Der Chart stammt aus einer Präsentation des amerikanischen Bond-Fondsmanagers Jeffrey Gundlach (hier der Link zu einem Interview, das mein New Yorker Kollege Christoph Gisiger kürzlich mit ihm geführt hat). Er zeigt die Kursleistung des amerikanischen Aktienmarktes, gemessen am S&P-500-Index, seit dem Tiefpunkt im März 2009.

Die verschiedenen Farben markieren die Zeitperioden, während derer unkonventionelle («quantitative») geldpolitische Lockerungsprogramme der US-Notenbank in Kraft waren.

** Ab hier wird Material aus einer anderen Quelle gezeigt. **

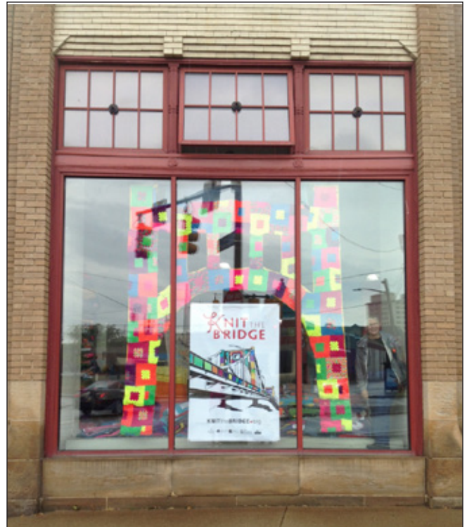
Knit the Bridge panels have a home at the Spinning Plate Lofts Gallery... come visit!

We've launched an online fundraising campaign. When lots of folks give small amounts it adds up. Help us fund Knit the Bridge by donating and sharing the link with your networks. If you've knit or crocheted for the bridge, this is a great way to get your friends and family to support your work. http://igg.me/at/knitthebridge/x/2767579
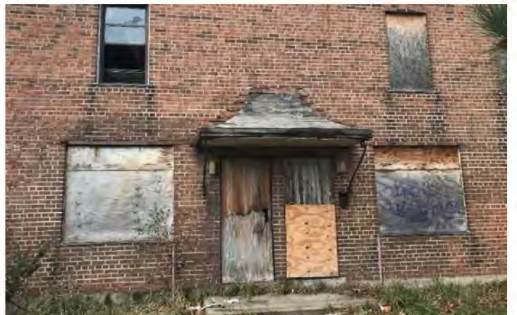
Deteriorated awning and open 2 nd floor window
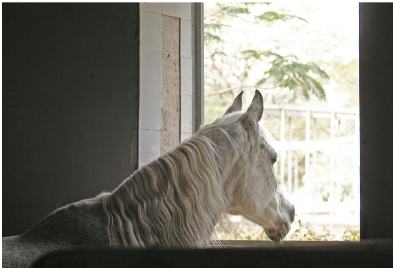
SAFI R AL RAYYAN (ASHHAL AL RAYYAN - RN FARIDA), AL RAYYAN FARM 2015
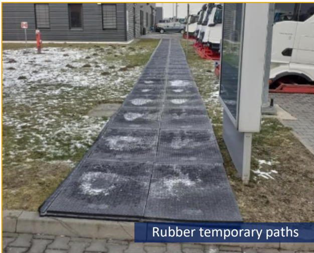
Rubber temporary paths
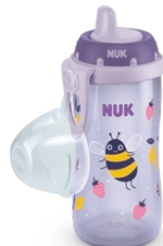
NUK Kiddy Cup
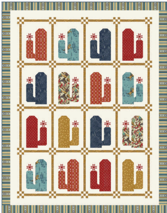
WS 16 Cactus | 72" x 92"
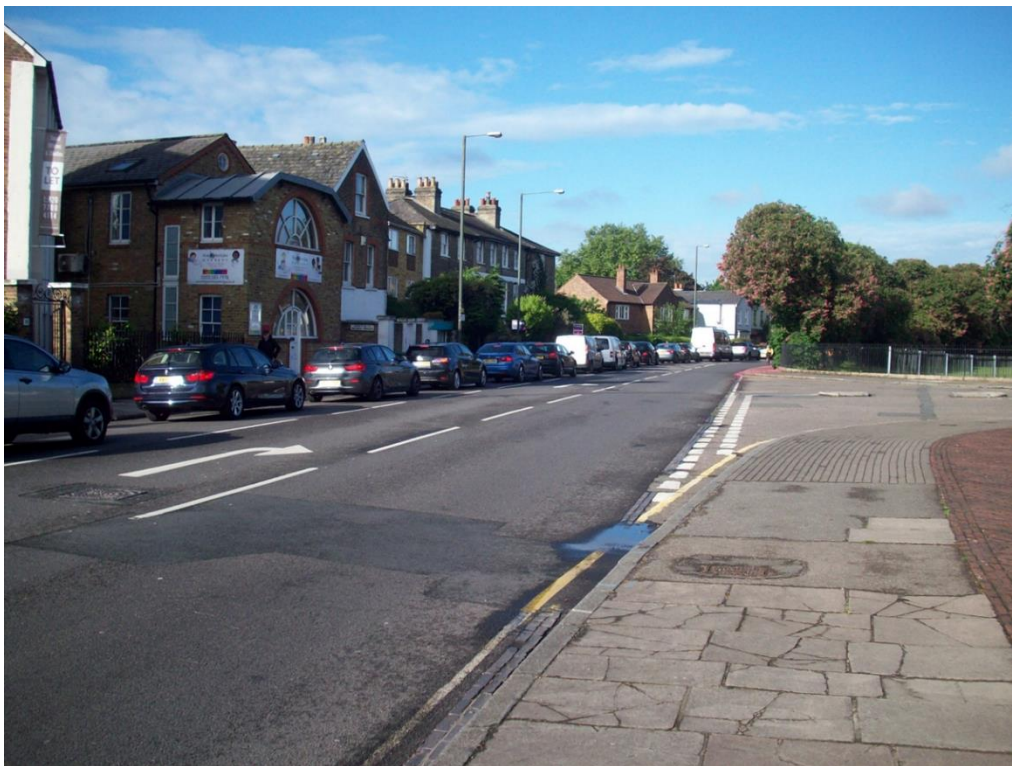
12. Same queue approaching Chalkers Corner outside entrance to Brewery (to become entrance to proposed secondary school)
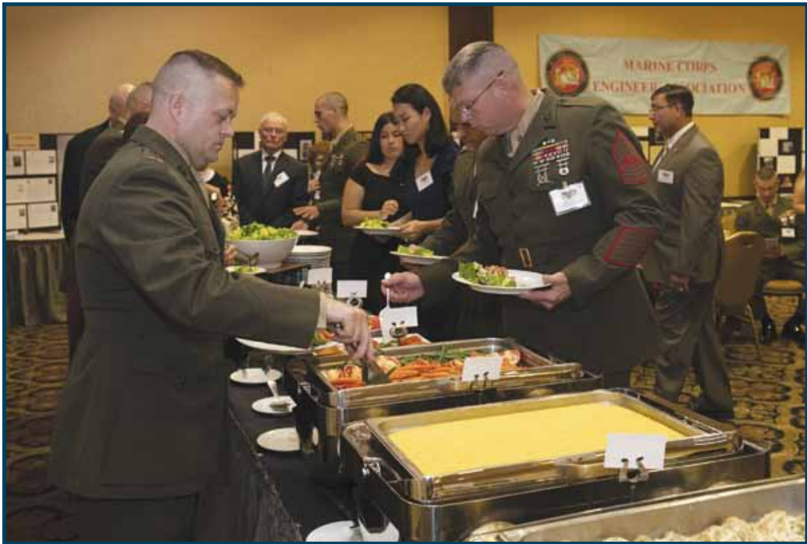
The Meal was Delicious and Plentiful
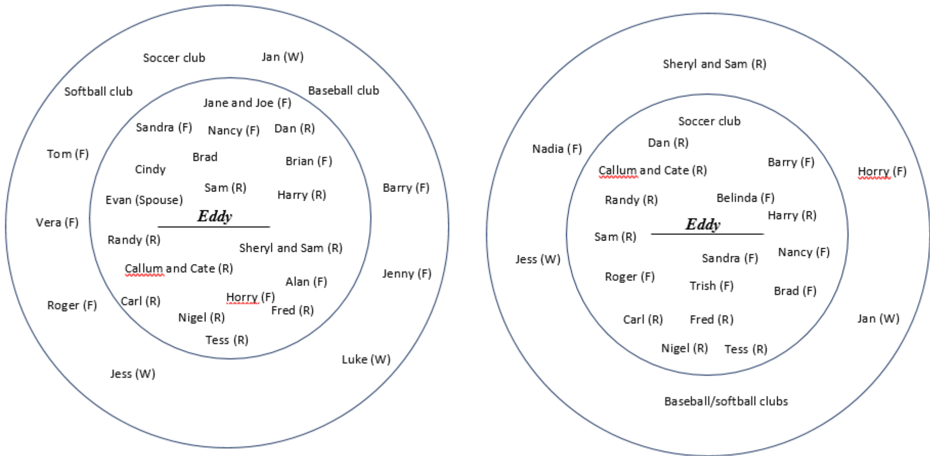
Figure 2. Social network maps, pre- and post-loss, for Eddy. R = relative, F = friend, W = work colleague.
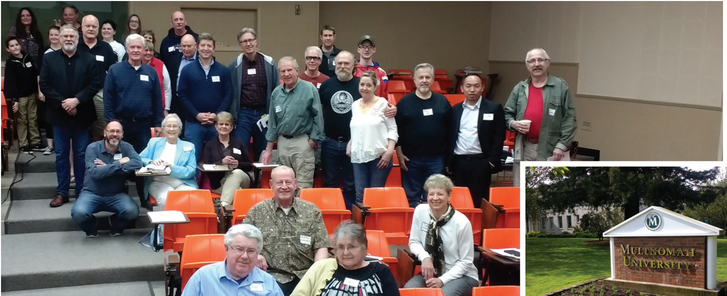
Free Gracers in the Pacific Northwest!
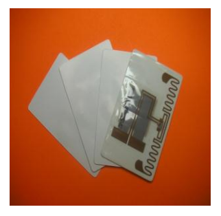
Figure 5. BAP Tag

Battery-Assisted Passive (BAP) RFID: A third, hybrid type of RFID tag has also emerged. BAP systems, or semipassive RFID systems, incorporate a power source into a passive tag configuration. The power source helps ensure that all of the captured energy from the reader can be used to reflect the signal, which improves read distance and data transfer rates. Unlike active RFID transponders, BAP tags do not have their own transmitters.
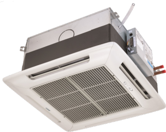
CAW Ceiling Air Handler
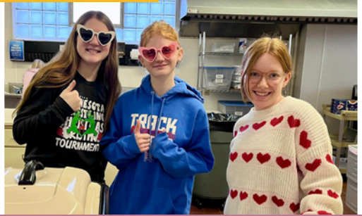
Valentine's Day Pasta Dinner Fundraiser
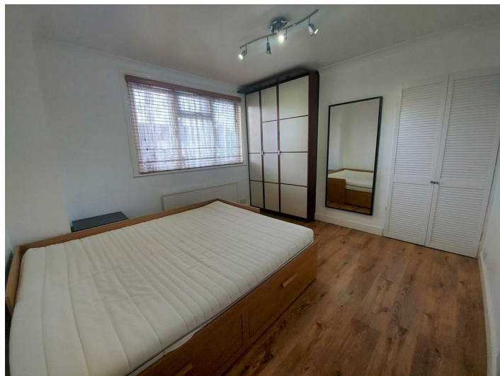
Bedroom 2 14'4" x 11'7" (4.39 x 3.54)

Large king size bedroom with ample storage and laminate flooring
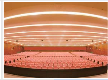
Arenas/Indoor sports facilities

  • Der rote Abschnitt von März 2009 bis April 2010 zeigt das erste Quantitative-Easing-Programm. Während dieser Zeit hat der US-Aktienmarkt um 47 Prozent zugelegt.
  • Der grüne Abschnitt von Oktober 2010 bis Juni 2011 zeigt das zweite Quantitative-Easing-Programm. Kursleistung des Index: +10 Prozent.
  • Der violette Abschnitt von September 2011 bis Juni 2012 zeigt die «Operation Twist», während der das Fed Anleihen mit langer Laufzeit kaufte und Anleihen mit kurzer Laufzeit verkaufte. Während dieser Zeit legte der US-Aktienmarkt um 16 Prozent zu.
  • Im hellblauen Abschnitt wurde die Operation Twist verlängert und ging dann nahtlos ins dritte Quantitative-Easing-Programm über. Der Aktienmarkt: +5 Prozent.
  • Die Abschnitte in Orange, Dunkelblau und Rot im rechten Bereich der Grafik schliesslich zeigen den Zeitraum des dritten Quantitative-Easing-Programms, das bis heute läuft. Die Investoren liebten es und sandten den S&P-500-Index um weitere 27 Prozent in die Höhe.

Während der vergangenen fünf Jahre gab es genau zwei Phasen, in denen die US-Notenbank nicht über unkonventionelle Massnahmen Liquidität in die Finanzmärkte pumpte. Diese beiden Phasen sind im Chart grau eingefärbt und dauerten von April 2010 bis Oktober 2010 respektive von Juni 2011 bis September 2011. Und siehe da: Während dieser Zeit sackte der US-Aktienmarkt jeweils sofort ab.

Imponierend, nicht wahr?

So gesehen ist die Feststellung wohl nicht übertrieben, dass Bernanke als einer der brillantesten und effektivsten Finanzmarktmanipulatoren aller Zeiten in die Geschichte eingeht.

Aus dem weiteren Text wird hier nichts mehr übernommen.